Data shown below:

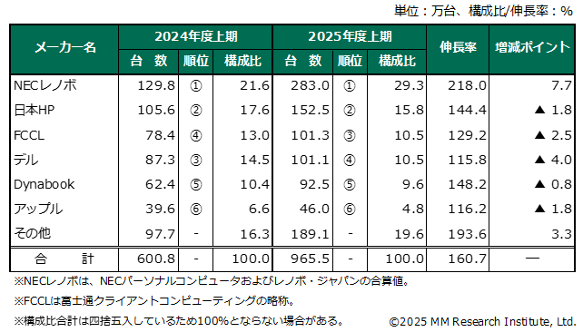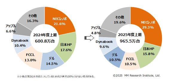 日本ICT市場調查諮詢機構MM總研(MM Research Institute)公布調查報告指出,因微軟(Microsoft)Windows 10在2025年10月終止支援推升商用PC換機需求,加上「GIGA School 構想」(日本全國中小學每位學生配置一台電腦設備)換機需求顯現,帶動2025年度上半年(2025年4-9月)日本PC出貨量較去年同期飆增60.7%至965.5萬台,就半年度別情況來看,超越2013年度下半年的960.1萬台,創1995年度開始進行統計以來歷史新高紀錄。
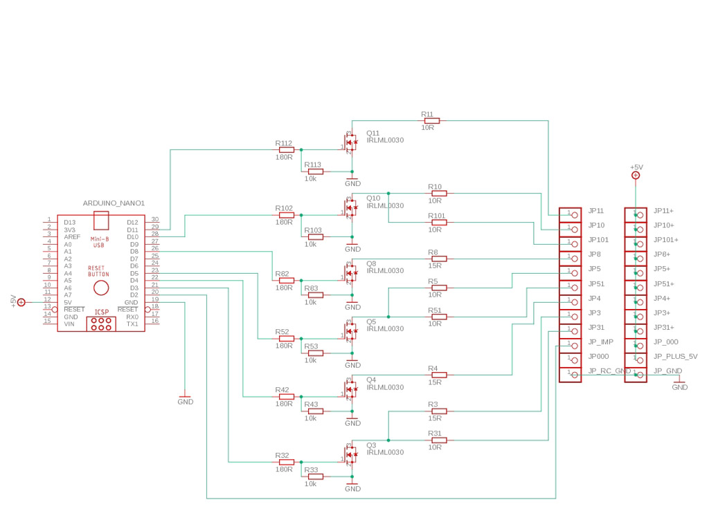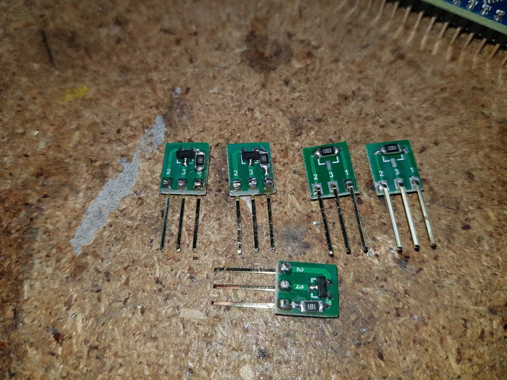 2. Die Mosfets nicht direkt auf die Lochrasterplatine sondern auf kleine Adapterplatinen zu löten. Auf Lochraster passt es nicht so 100%ig und außerdem kann man die Adapterplatinen einfach auslöten, wenn mal ein Mosfet den Geist aufgibt. Aus demselben Grund habe ich auch den Arduino nicht verlötet, sondern in Buchsenleisten gesteckt.
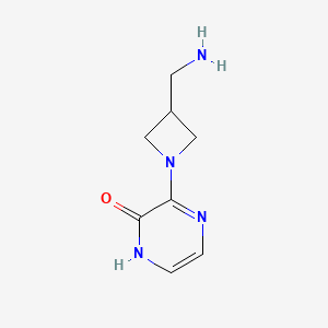 The mechanism of action of 3-(3-(aminomethyl)azetidin-1-yl)pyrazin-2(1H)-one involves its interaction with specific molecular targets. The compound may bind to enzymes or receptors, modulating their activity and leading to various biological effects. The exact pathways and targets can vary depending on the specific application and context of use .
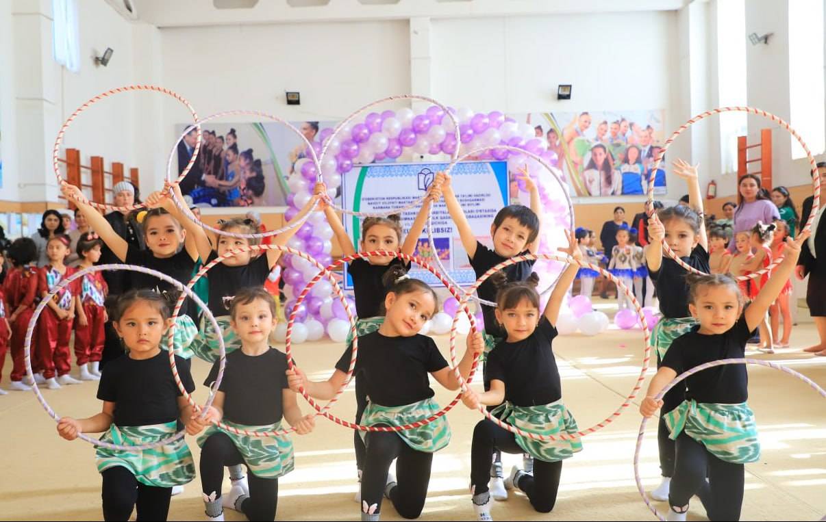 В ходе состязаний юные грации демонстрировали народный, современный танец и другие виды гимнастики с использованием снарядов художественной гимнастики - обруча, мяча и скакалки, а мальчики - с гимнастическими палками.
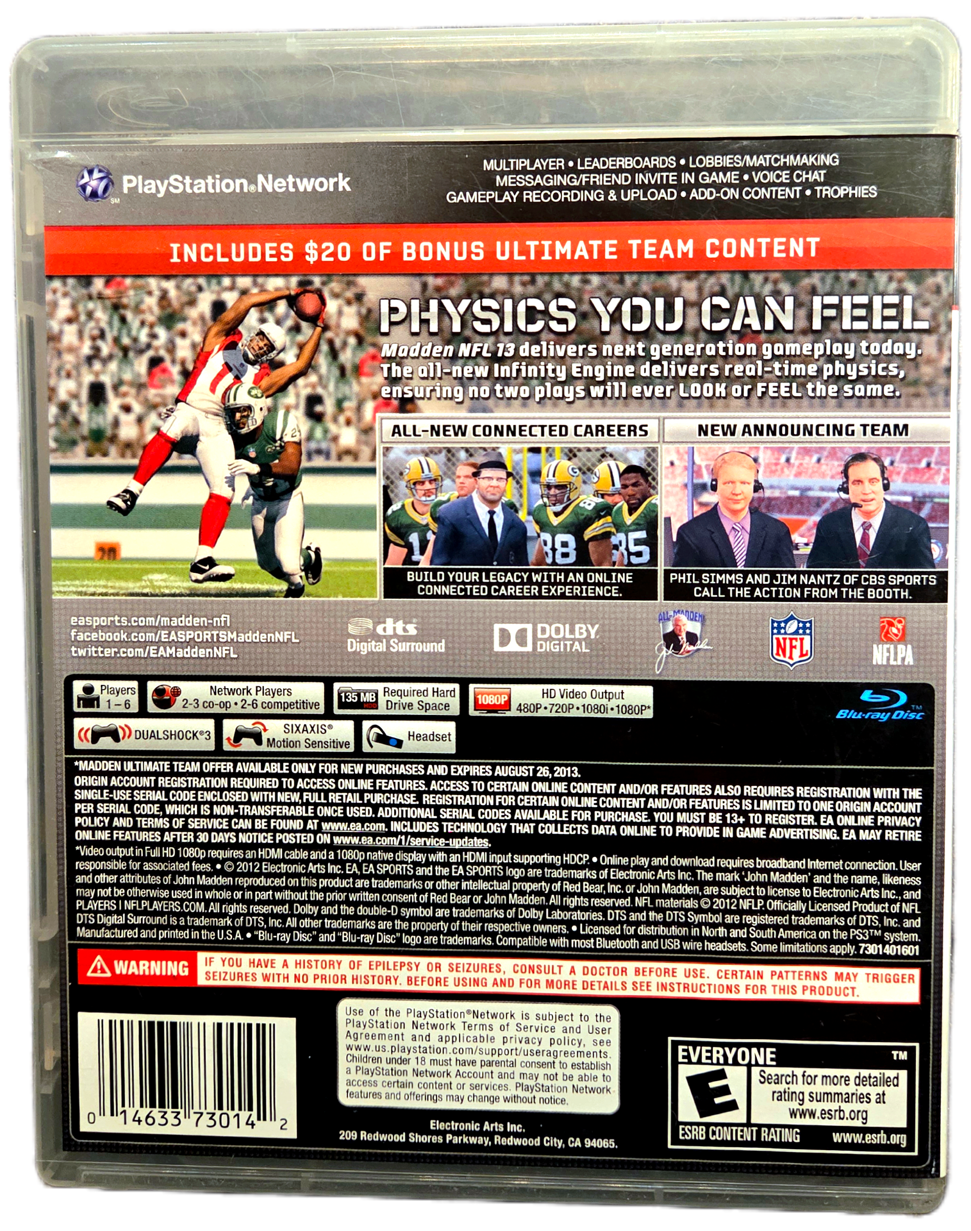 Madden NFL 13 for the PlayStation 3 is the 24th installment in the Madden NFL series, released in 2012. It represents a significant overhaul for the franchise, introducing key technological advancements and a massive change to the career mode. This edition features Calvin Johnson on the cover.
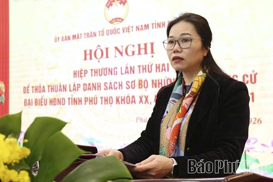 Phát biểu kết luận hội nghị, đồng chí Phó Bí thư Tỉnh ủy, Chủ tịch Ủy ban MTTQ tỉnh Phú Thọ Bùi Thị Minh khẳng định: Hội nghị đã thống nhất lập danh sách sơ bộ những người đủ tiêu chuẩn được giới thiệu ứng cử đại biểu HĐND tỉnh nhiệm kỳ 2026-2031. Danh sách sơ bộ bảo đảm đúng cơ cấu, thành phần, số lượng đã được thống nhất tại Hội nghị hiệp thương lần thứ nhất; bảo đảm tính đại diện của các tầng lớp Nhân dân, giới tính, độ tuổi, dân tộc, lĩnh vực công tác, phù hợp với yêu cầu của công tác bầu cử.
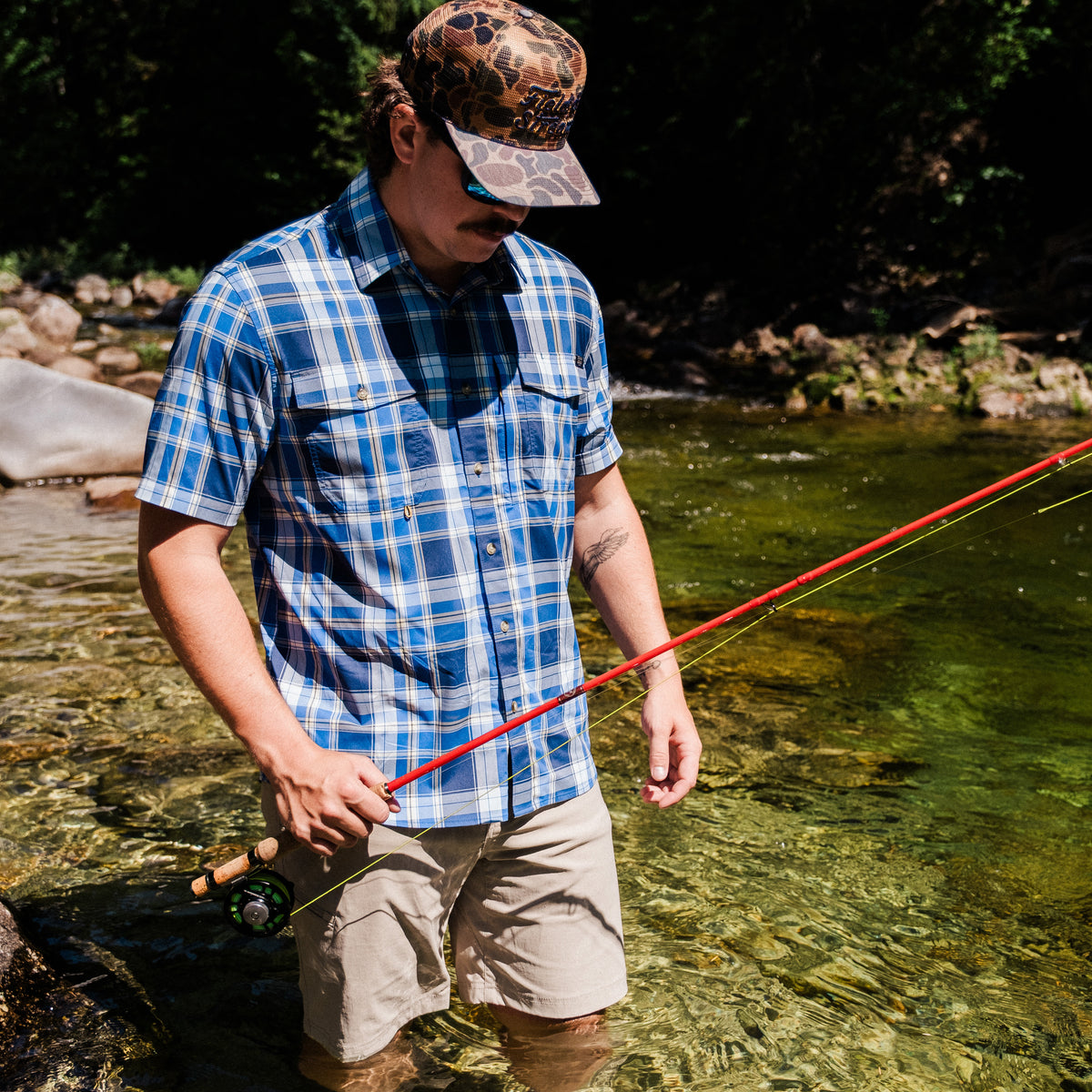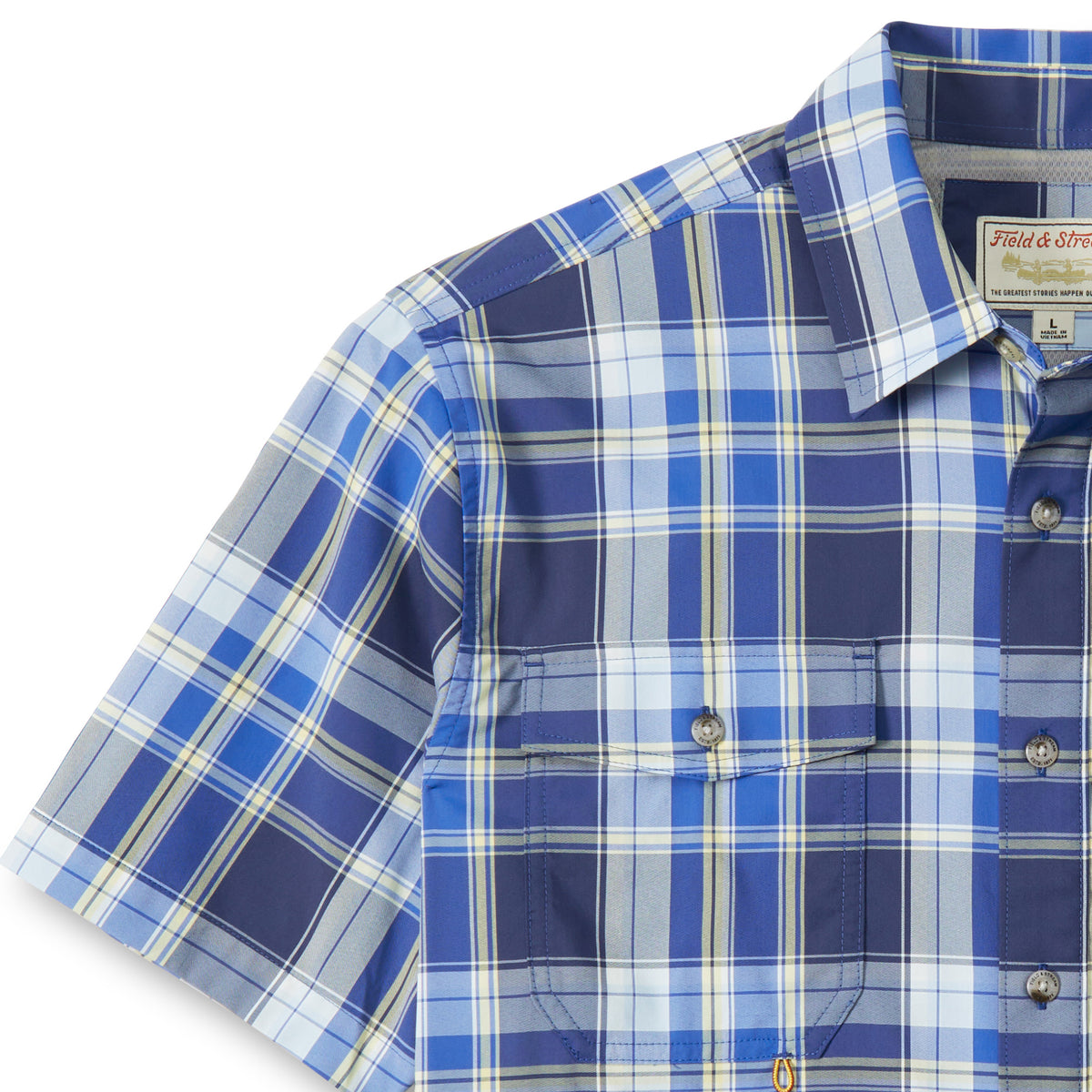 At Field & Stream, we’re always looking for the perfect short sleeve performance fishing shirt, so we designed one for outdoorsmen like us with a custom fit for easy movement. UPF 50, temperature regulating materials, 2-way stretch, woven nylon for extra durability and reduced shrinkage, Spandex for added stretch and recovery. Two chest pockets with flaps that button to keep your essentials close and secure, hidden zipper pocket to safely store small essentials and pencil/sunglass slot. The vented flying V back yoke adds mobility and a nod to the west and is vented for added airflow. Built-in microfiber cleaning cloth at the hem for sunglasses or binoculars.
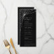 An elegant diamond spider web and stars against a black background. Room for four courses plus extra details at the bottom. All text is fully editable, so you can easily add or delete text and change the font style/size/colour/layout to suit your needs. The back is mostly blank, so more text can be added there if you wish. This design is available in other colours, on different sized card-stock and also on coordinating invitations and accessories.
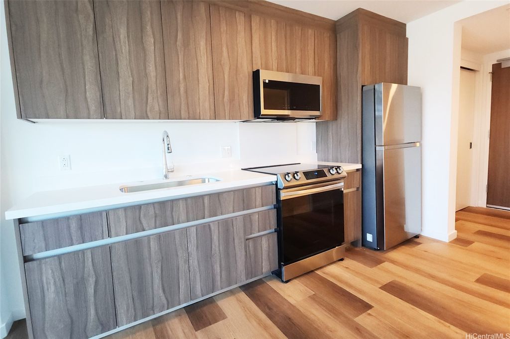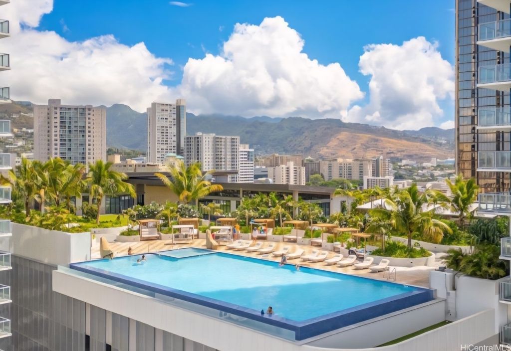 Be the first to live in this beautiful new studio condo at The Park on Keeaumoku. Beautiful new blinds are installed. High-end shoe cabinet at the entrance. Beautifully landscaped outdoor recreation deck with stunning infinity pool, hot tub, BBQ Pavilions. Other amenities include: fitness center, yoga room, sauna, theater room, movie room & conference room. Never-lived-in studio unit with washer/dryer, refrigerator, range, microwave, portable dishwasher, and split A/C wall unit. 63 square feet of lanai with great city views. Conveniently located on Liona & Keeaumoku St., Across from Sam's Club, Walmart, McDonald's, and a few blocks from Ala Moana Shopping Center. Truly an extraordinary urban living experience. Brand new building!! Included: Internet, cable, water, sewer, and garbage. Excluded: Electricity is separate, and we will send a monthly bill to the tenant. Minimum lease is 1 year.

End of Data shown.

#### [What to work on]
Could you write out all the records exactly, without the pictures?

#### [Exercise response]
 日本ICT市場調查諮詢機構MM總研(MM Research Institute)公布調查報告指出,因微軟(Microsoft)Windows 10在2025年10月終止支援推升商用PC換機需求,加上「GIGA School 構想」(日本全國中小學每位學生配置一台電腦設備)換機需求顯現,帶動2025年度上半年(2025年4-9月)日本PC出貨量較去年同期飆增60.7%至965.5萬台,就半年度別情況來看,超越2013年度下半年的960.1萬台,創1995年度開始進行統計以來歷史新高紀錄。
 2. Die Mosfets nicht direkt auf die Lochrasterplatine sondern auf kleine Adapterplatinen zu löten. Auf Lochraster passt es nicht so 100%ig und außerdem kann man die Adapterplatinen einfach auslöten, wenn mal ein Mosfet den Geist aufgibt. Aus demselben Grund habe ich auch den Arduino nicht verlötet, sondern in Buchsenleisten gesteckt.
 The mechanism of action of 3-(3-(aminomethyl)azetidin-1-yl)pyrazin-2(1H)-one involves its interaction with specific molecular targets. The compound may bind to enzymes or receptors, modulating their activity and leading to various biological effects. The exact pathways and targets can vary depending on the specific application and context of use .
 В ходе состязаний юные грации демонстрировали народный, современный танец и другие виды гимнастики с использованием снарядов художественной гимнастики - обруча, мяча и скакалки, а мальчики - с гимнастическими палками.
 Madden NFL 13 for the PlayStation 3 is the 24th installment in the Madden NFL series, released in 2012. It represents a significant overhaul for the franchise, introducing key technological advancements and a massive change to the career mode. This edition features Calvin Johnson on the cover.
 Phát biểu kết luận hội nghị, đồng chí Phó Bí thư Tỉnh ủy, Chủ tịch Ủy ban MTTQ tỉnh Phú Thọ Bùi Thị Minh khẳng định: Hội nghị đã thống nhất lập danh sách sơ bộ những người đủ tiêu chuẩn được giới thiệu ứng cử đại biểu HĐND tỉnh nhiệm kỳ 2026-2031. Danh sách sơ bộ bảo đảm đúng cơ cấu, thành phần, số lượng đã được thống nhất tại Hội nghị hiệp thương lần thứ nhất; bảo đảm tính đại diện của các tầng lớp Nhân dân, giới tính, độ tuổi, dân tộc, lĩnh vực công tác, phù hợp với yêu cầu của công tác bầu cử.
 At Field & Stream, we’re always looking for the perfect short sleeve performance fishing shirt, so we designed one for outdoorsmen like us with a custom fit for easy movement. UPF 50, temperature regulating materials, 2-way stretch, woven nylon for extra durability and reduced shrinkage, Spandex for added stretch and recovery. Two chest pockets with flaps that button to keep your essentials close and secure, hidden zipper pocket to safely store small essentials and pencil/sunglass slot. The vented flying V back yoke adds mobility and a nod to the west and is vented for added airflow. Built-in microfiber cleaning cloth at the hem for sunglasses or binoculars.
 An elegant diamond spider web and stars against a black background. Room for four courses plus extra details at the bottom. All text is fully editable, so you can easily add or delete text and change the font style/size/colour/layout to suit your needs. The back is mostly blank, so more text can be added there if you wish. This design is available in other colours, on different sized card-stock and also on coordinating invitations and accessories.
 Be the first to live in this beautiful new studio condo at The Park on Keeaumoku. Beautiful new blinds are installed. High-end shoe cabinet at the entrance. Beautifully landscaped outdoor recreation deck with stunning infinity pool, hot tub, BBQ Pavilions. Other amenities include: fitness center, yoga room, sauna, theater room, movie room & conference room. Never-lived-in studio unit with washer/dryer, refrigerator, range, microwave, portable dishwasher, and split A/C wall unit. 63 square feet of lanai with great city views. Conveniently located on Liona & Keeaumoku St., Across from Sam's Club, Walmart, McDonald's, and a few blocks from Ala Moana Shopping Center. Truly an extraordinary urban living experience. Brand new building!! Included: Internet, cable, water, sewer, and garbage. Excluded: Electricity is separate, and we will send a monthly bill to the tenant. Minimum lease is 1 year.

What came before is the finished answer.